## Provided data
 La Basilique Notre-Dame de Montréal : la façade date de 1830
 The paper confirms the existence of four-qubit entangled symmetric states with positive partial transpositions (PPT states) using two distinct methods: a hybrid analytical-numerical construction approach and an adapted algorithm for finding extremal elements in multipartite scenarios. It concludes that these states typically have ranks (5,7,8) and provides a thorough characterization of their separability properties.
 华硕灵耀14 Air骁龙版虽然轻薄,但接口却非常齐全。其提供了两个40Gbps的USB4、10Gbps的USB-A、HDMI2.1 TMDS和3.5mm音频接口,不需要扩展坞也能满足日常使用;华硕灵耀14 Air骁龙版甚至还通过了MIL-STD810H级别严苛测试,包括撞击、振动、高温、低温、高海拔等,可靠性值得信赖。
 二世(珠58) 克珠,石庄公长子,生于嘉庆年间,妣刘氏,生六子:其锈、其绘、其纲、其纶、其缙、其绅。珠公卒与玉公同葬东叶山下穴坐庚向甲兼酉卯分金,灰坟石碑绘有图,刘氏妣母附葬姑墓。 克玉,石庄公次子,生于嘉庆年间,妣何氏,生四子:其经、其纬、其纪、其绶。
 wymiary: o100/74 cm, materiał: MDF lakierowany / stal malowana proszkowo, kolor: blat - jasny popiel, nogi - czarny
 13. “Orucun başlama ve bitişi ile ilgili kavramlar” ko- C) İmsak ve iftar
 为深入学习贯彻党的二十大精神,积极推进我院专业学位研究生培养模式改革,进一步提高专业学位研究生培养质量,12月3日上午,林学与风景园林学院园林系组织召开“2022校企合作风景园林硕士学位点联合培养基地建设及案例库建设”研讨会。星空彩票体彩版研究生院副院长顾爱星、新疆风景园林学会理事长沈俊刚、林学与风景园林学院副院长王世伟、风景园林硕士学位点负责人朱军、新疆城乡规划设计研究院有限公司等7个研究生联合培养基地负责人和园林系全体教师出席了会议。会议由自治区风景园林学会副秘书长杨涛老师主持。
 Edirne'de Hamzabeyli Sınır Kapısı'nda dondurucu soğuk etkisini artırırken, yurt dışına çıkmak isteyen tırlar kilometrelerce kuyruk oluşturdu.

==

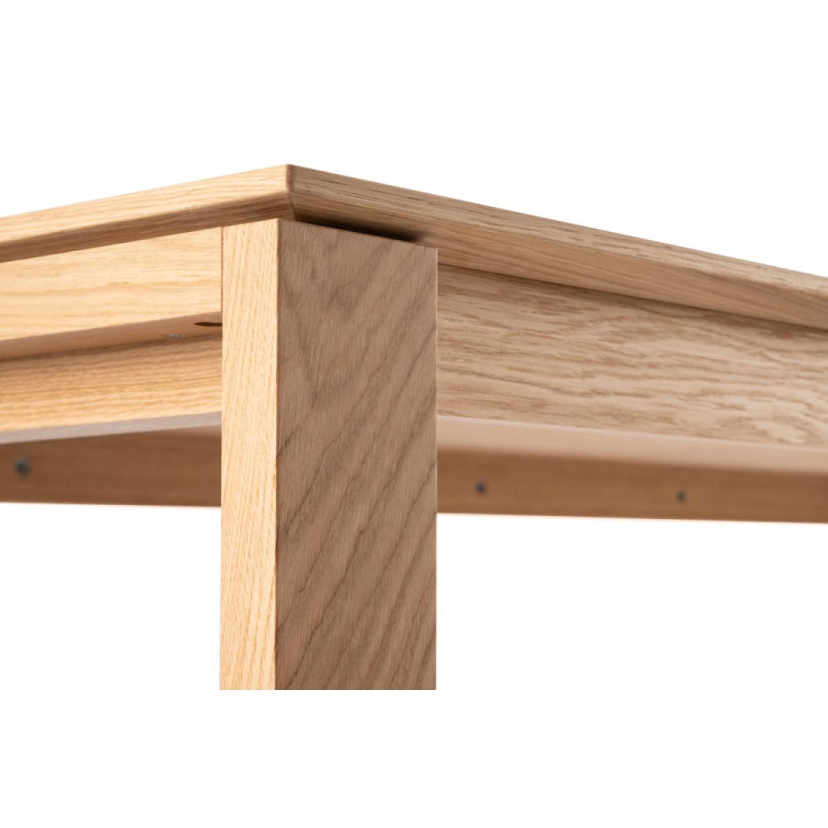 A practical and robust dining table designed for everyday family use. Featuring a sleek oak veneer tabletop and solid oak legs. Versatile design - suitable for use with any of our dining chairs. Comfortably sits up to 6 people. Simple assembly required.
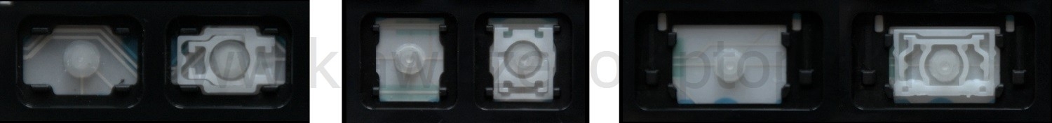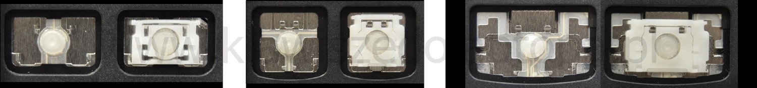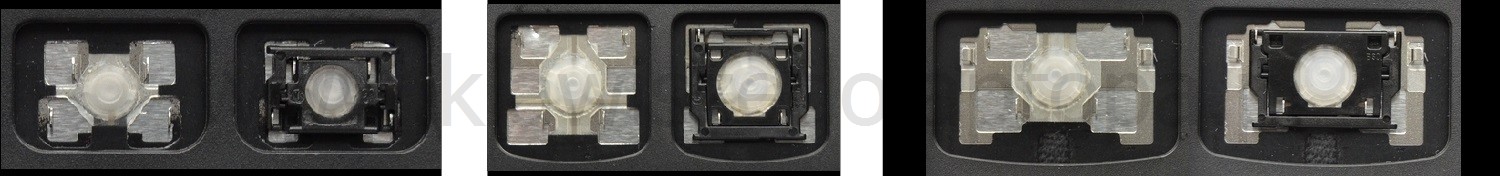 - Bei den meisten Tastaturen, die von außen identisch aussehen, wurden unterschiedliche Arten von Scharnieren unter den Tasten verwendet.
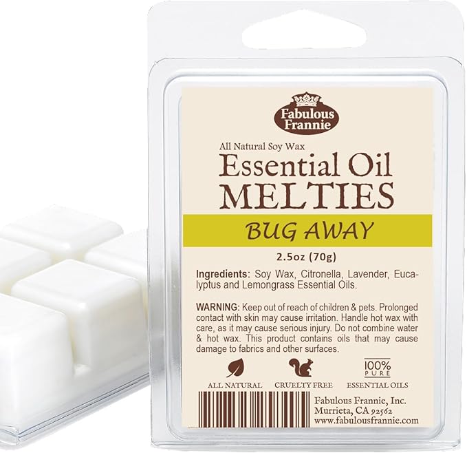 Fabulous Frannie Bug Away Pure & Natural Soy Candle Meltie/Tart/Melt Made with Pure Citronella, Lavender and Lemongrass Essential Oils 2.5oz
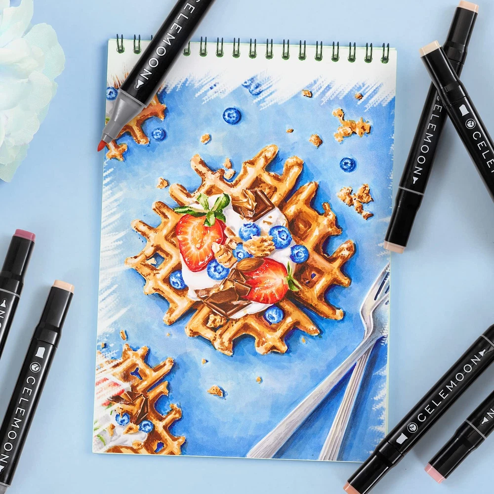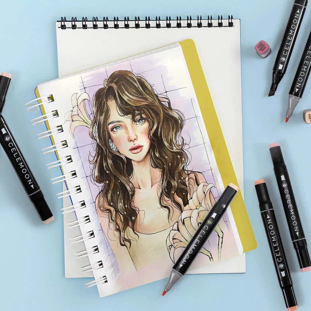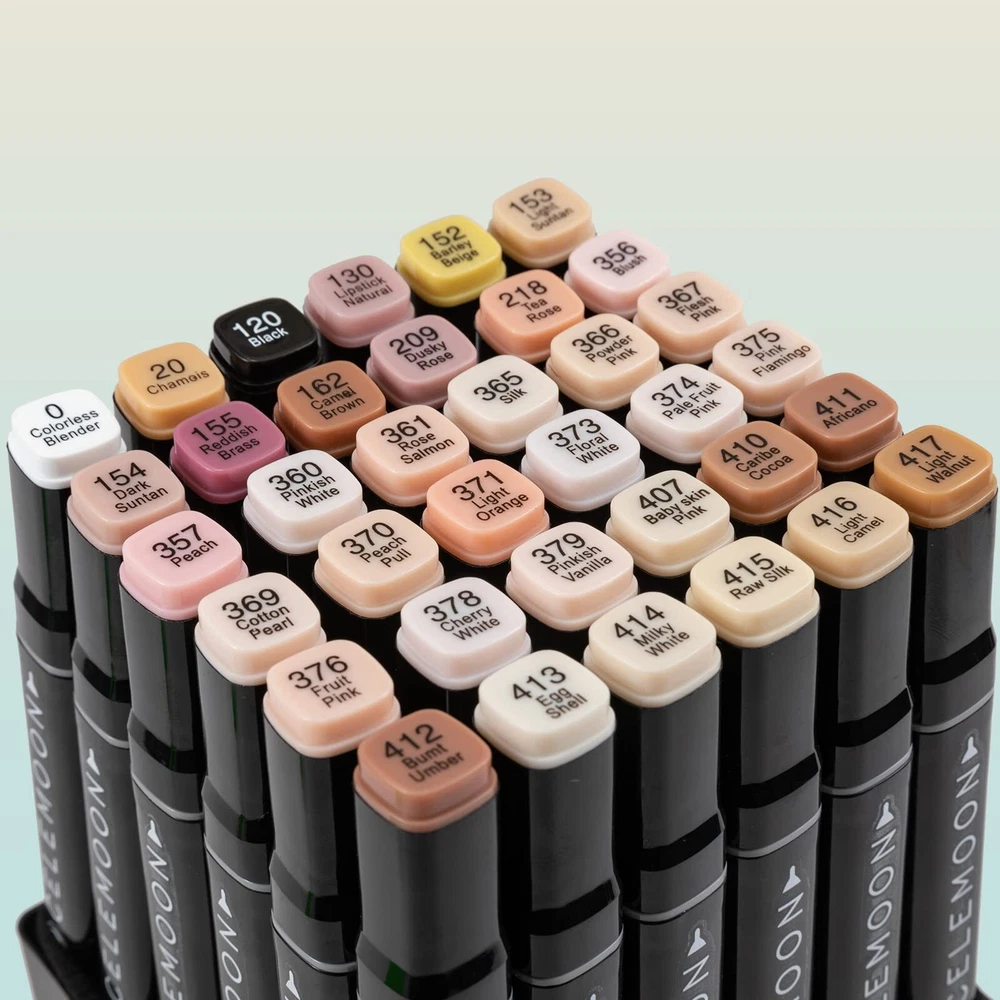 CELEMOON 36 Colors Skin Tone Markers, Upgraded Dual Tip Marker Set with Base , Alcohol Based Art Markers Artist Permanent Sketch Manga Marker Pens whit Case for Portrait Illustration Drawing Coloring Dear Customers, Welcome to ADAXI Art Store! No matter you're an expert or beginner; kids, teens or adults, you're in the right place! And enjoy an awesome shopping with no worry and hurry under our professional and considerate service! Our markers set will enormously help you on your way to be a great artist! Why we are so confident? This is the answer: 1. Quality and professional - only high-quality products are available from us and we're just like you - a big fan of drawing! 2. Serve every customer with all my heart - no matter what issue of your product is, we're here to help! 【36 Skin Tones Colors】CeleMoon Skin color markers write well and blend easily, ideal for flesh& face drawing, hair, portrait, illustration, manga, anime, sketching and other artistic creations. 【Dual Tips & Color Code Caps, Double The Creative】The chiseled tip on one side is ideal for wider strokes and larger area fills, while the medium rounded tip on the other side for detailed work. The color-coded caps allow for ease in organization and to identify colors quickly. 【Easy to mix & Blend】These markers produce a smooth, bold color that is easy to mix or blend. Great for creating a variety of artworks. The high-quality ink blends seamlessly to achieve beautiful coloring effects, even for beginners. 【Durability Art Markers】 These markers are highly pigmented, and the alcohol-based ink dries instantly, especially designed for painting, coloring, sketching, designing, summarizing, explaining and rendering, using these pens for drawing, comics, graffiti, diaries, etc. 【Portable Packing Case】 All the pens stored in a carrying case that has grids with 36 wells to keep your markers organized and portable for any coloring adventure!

## Instructions for the task
Give back exactly the lines above from the one with "A practical and" through the one with "Fabulous Frannie Bug", both included. Pictures don't belong in the copy.

## Response box
 A practical and robust dining table designed for everyday family use. Featuring a sleek oak veneer tabletop and solid oak legs. Versatile design - suitable for use with any of our dining chairs. Comfortably sits up to 6 people. Simple assembly required.
 - Bei den meisten Tastaturen, die von außen identisch aussehen, wurden unterschiedliche Arten von Scharnieren unter den Tasten verwendet.
 Fabulous Frannie Bug Away Pure & Natural Soy Candle Meltie/Tart/Melt Made with Pure Citronella, Lavender and Lemongrass Essential Oils 2.5oz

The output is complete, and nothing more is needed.